Your task =
Pictures are not part of the copy; repeat everything else in the records exactly.
---- Records for this exercise
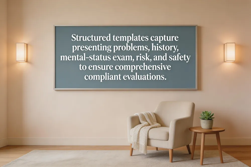 Sample PDFs and examples illustrate a complete intake package—demographics, medical history, presenting problem, mental‑status exam, safety assessment, and treatment plan. Templates demonstrate how to document appearance, mood, cognition, risk factors, diagnostic impressions, and therapist signatures, ensuring compliance with VA, APA, and insurance standards.
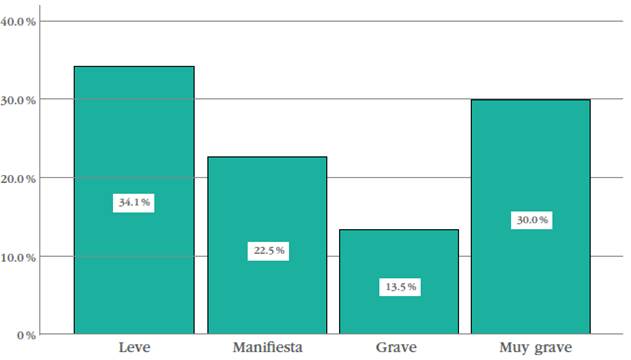 El 30.0 °% presentó una grave maloclusión, y el 34.1 °%, una maloclusión leve (figura 2). El puntaje IED promedio fue de 31.4 ± 11.6.
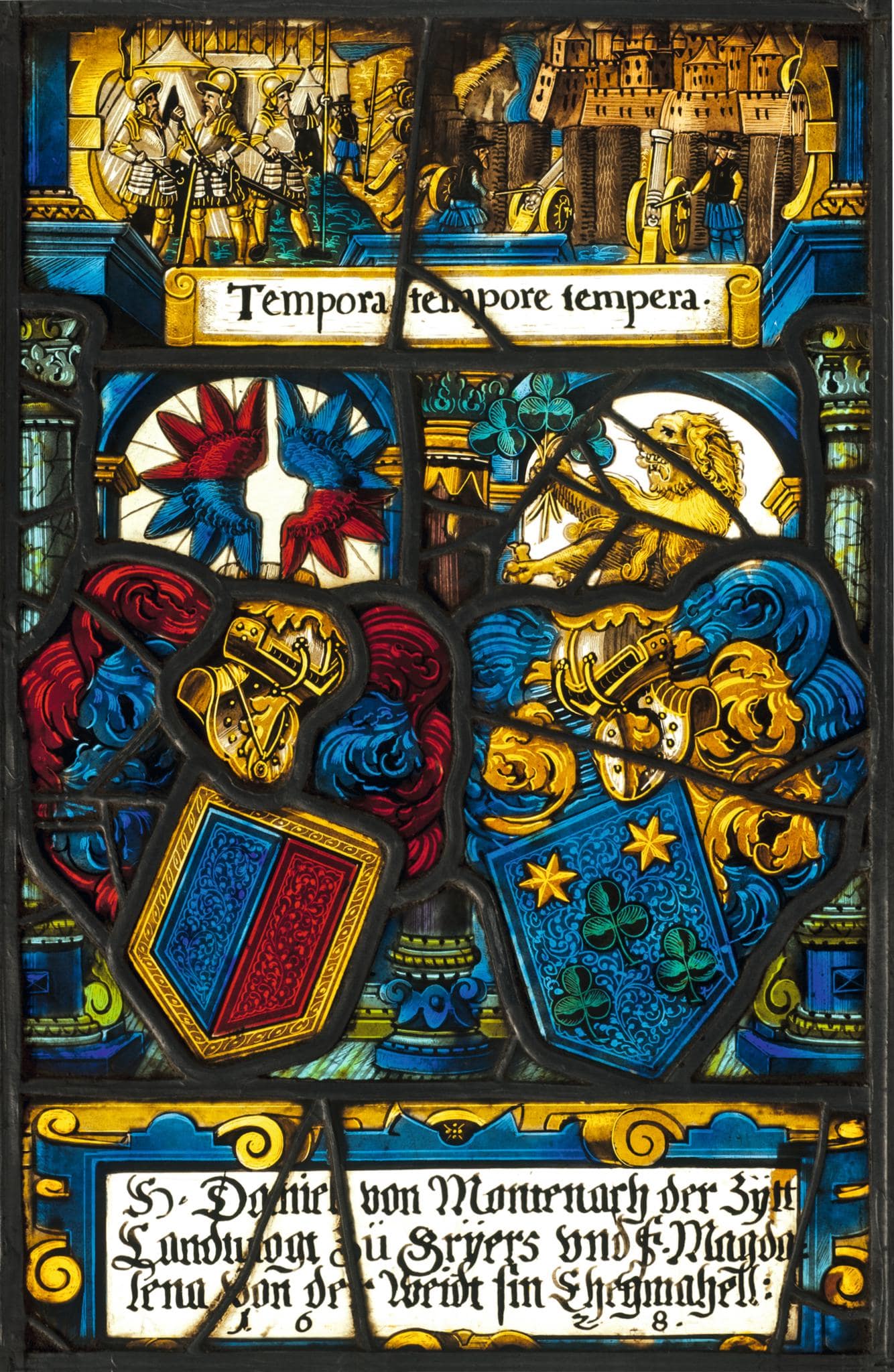 Stifterinschrift: H. Daniel von Montenach der Zÿtt / Landtuogt zü Grÿers vnd F. Magda: / lena von der Weidt sin Ehegmahell: / 1628.
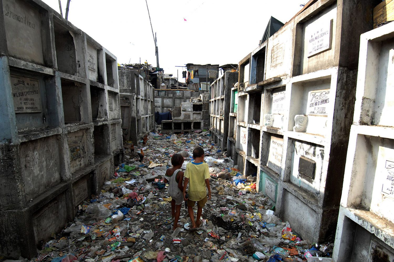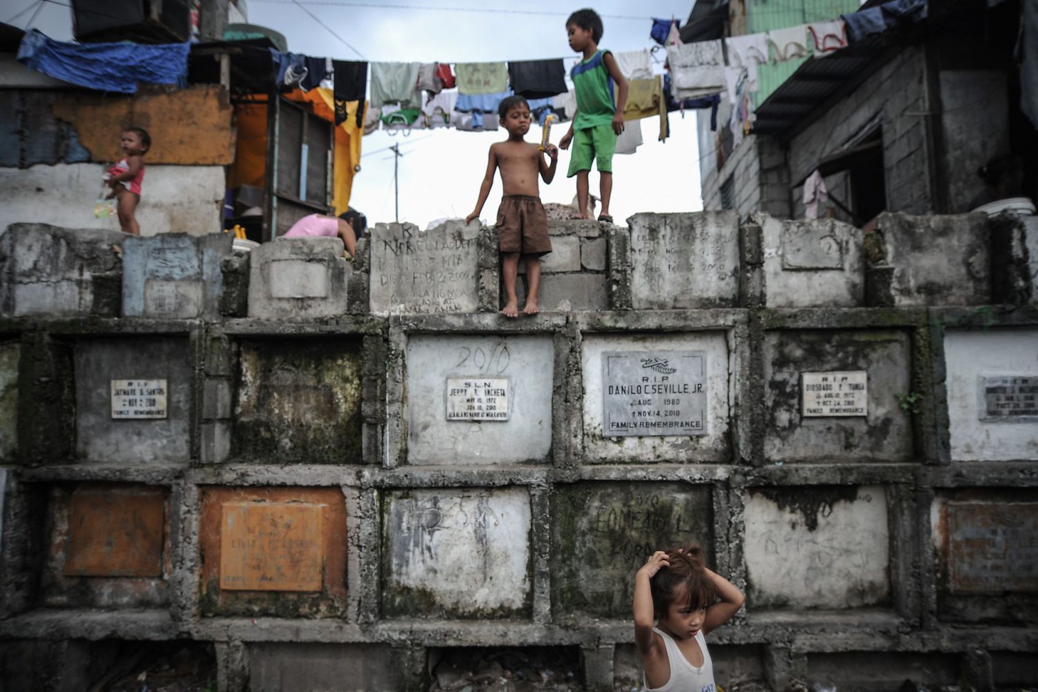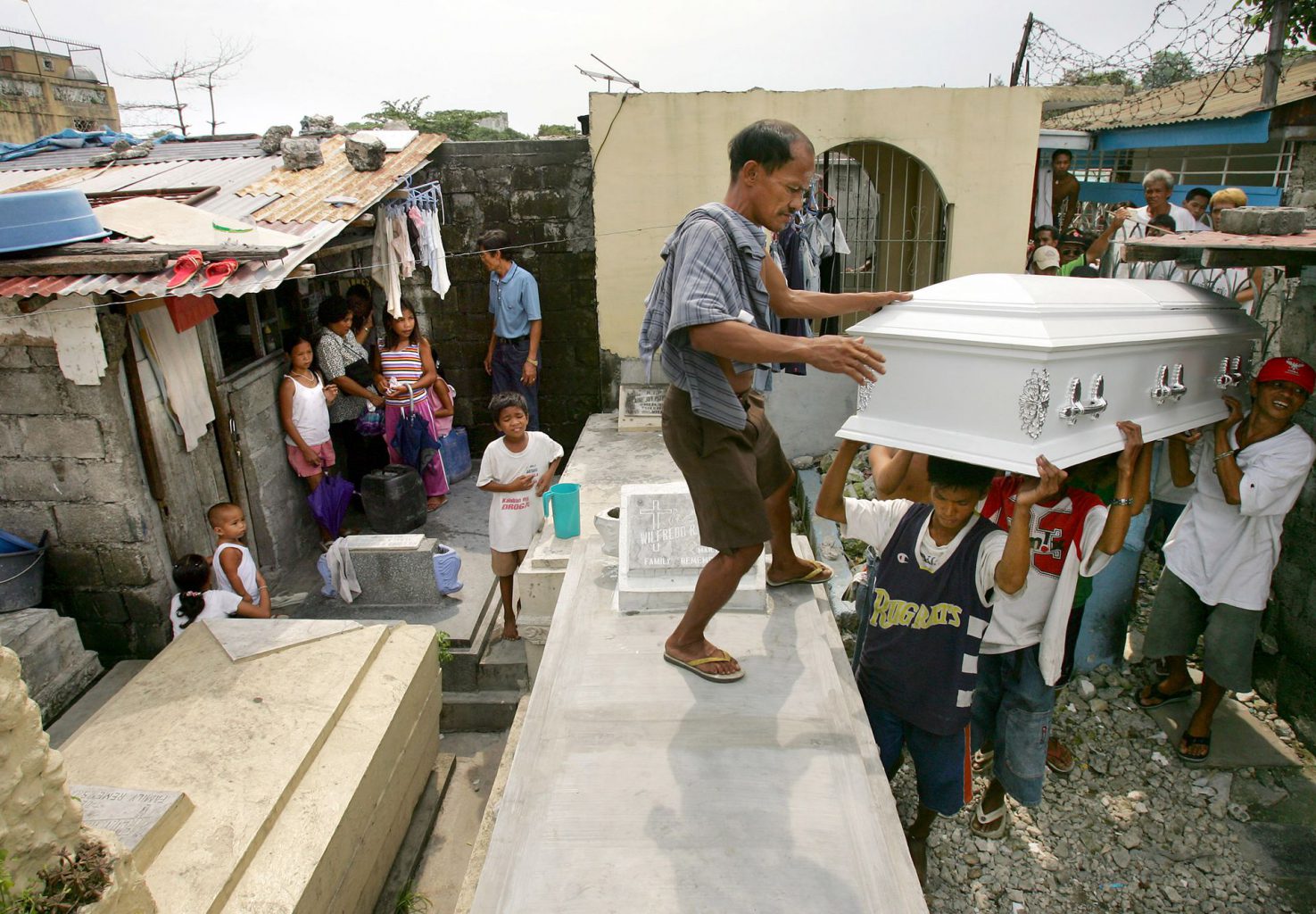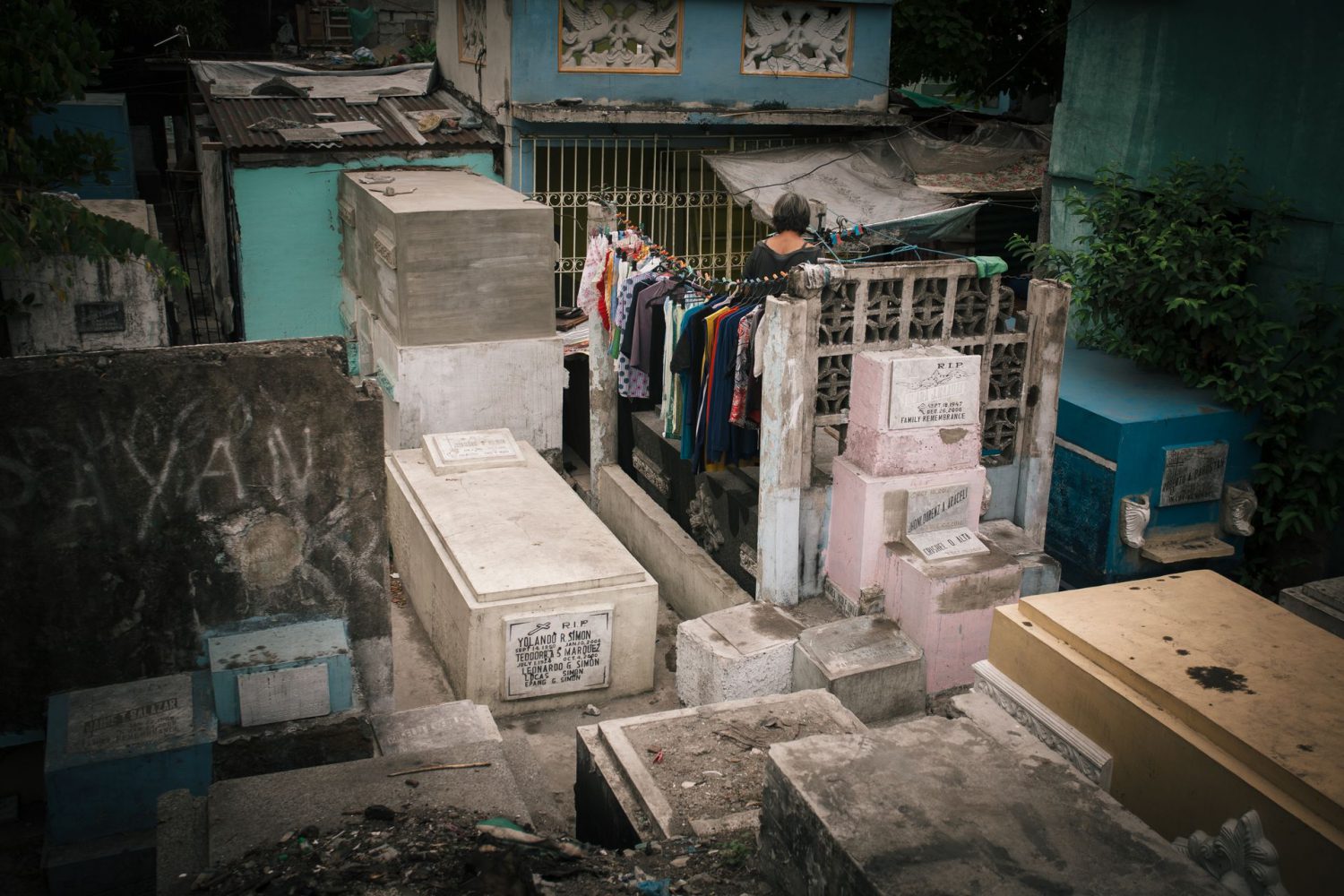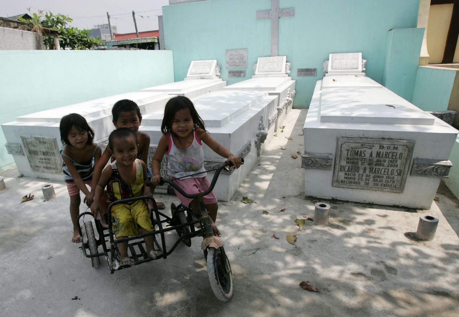 Aquela que é para milhões de filipinos a sua última morada é também, para uns quantos milhares, a única casa possível. Em Manila, famílias inteiras vivem no interior de cemitérios públicos. Muitos ali nasceram, ali tiveram filhos e enterraram os pais. Sem condições para viverem na cidade, refugiam-se onde lhes é garantido teto de forma gratuita.
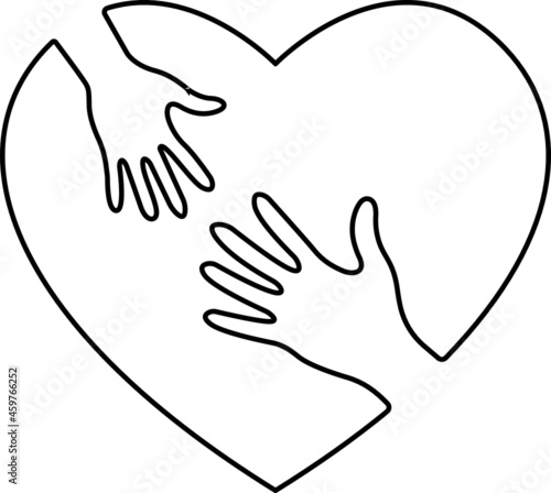 Obraz premium Heart Love Hands Couple. Vector art. Black and white. White background. One...
--------
Output of the exercise =
 Sample PDFs and examples illustrate a complete intake package—demographics, medical history, presenting problem, mental‑status exam, safety assessment, and treatment plan. Templates demonstrate how to document appearance, mood, cognition, risk factors, diagnostic impressions, and therapist signatures, ensuring compliance with VA, APA, and insurance standards.
 El 30.0 °% presentó una grave maloclusión, y el 34.1 °%, una maloclusión leve (figura 2). El puntaje IED promedio fue de 31.4 ± 11.6.
 Stifterinschrift: H. Daniel von Montenach der Zÿtt / Landtuogt zü Grÿers vnd F. Magda: / lena von der Weidt sin Ehegmahell: / 1628.
 Aquela que é para milhões de filipinos a sua última morada é também, para uns quantos milhares, a única casa possível. Em Manila, famílias inteiras vivem no interior de cemitérios públicos. Muitos ali nasceram, ali tiveram filhos e enterraram os pais. Sem condições para viverem na cidade, refugiam-se onde lhes é garantido teto de forma gratuita.
 Obraz premium Heart Love Hands Couple. Vector art. Black and white. White background. One...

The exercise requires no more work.